After a quick look around I headed back to Invercargill and then on toward Dunedin; but in the event nature intervened and by the end of the day I was back here again. All the roads further north were closed by floods and I had a desperate search for a bed for the night, culminating in me going back – purely by chance – to exactly where I’d been earlier in the day. The process had been incredibly stressful, though the view rather made up for it.

Back in Bluff itself, I had earlier had some amusement at the prices of beds at the Backpackers. I should have borne this in mind as I was desperately phoning round that afternoon, but somehow it slipped my mind that I could have had a bed for $25…
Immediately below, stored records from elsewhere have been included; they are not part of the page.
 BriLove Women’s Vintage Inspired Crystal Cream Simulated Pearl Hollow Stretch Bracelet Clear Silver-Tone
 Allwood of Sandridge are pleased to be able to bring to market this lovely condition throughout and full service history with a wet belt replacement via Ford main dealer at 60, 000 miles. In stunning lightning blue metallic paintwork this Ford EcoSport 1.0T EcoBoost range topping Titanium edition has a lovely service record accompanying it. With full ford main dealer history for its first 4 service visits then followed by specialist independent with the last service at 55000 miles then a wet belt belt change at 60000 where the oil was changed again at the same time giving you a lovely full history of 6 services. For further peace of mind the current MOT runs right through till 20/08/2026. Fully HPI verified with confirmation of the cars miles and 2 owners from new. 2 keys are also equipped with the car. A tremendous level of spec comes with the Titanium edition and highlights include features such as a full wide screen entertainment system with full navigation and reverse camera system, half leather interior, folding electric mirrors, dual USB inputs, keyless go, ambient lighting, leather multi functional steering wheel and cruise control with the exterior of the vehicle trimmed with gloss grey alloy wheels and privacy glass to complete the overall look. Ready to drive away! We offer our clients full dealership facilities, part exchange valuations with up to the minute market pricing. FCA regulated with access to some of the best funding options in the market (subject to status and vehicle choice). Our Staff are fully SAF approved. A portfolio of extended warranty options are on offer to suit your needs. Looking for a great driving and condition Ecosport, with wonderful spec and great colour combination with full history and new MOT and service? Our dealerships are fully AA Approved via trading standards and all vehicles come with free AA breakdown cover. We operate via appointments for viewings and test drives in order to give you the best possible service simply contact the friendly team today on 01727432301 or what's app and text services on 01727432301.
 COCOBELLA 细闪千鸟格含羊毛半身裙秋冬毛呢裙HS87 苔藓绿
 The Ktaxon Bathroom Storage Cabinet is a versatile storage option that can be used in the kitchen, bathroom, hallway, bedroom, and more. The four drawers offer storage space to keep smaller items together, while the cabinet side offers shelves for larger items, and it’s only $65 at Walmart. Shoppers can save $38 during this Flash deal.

Perhaps one thing the emergency taught me – as indeed had the $100 bed at Lumsden – is that the people who run these places mean well and are generally doing their best. They’re often juggling a poorly-paid job with other responsibilities and pressures, in a way I’m just not aware of.

It’s also worth saying – though perhaps even more obvious – that there are people who can only afford this much. Anyway, here is a little more of Bluff, captured once again in its (roughly) Art Deco buildings…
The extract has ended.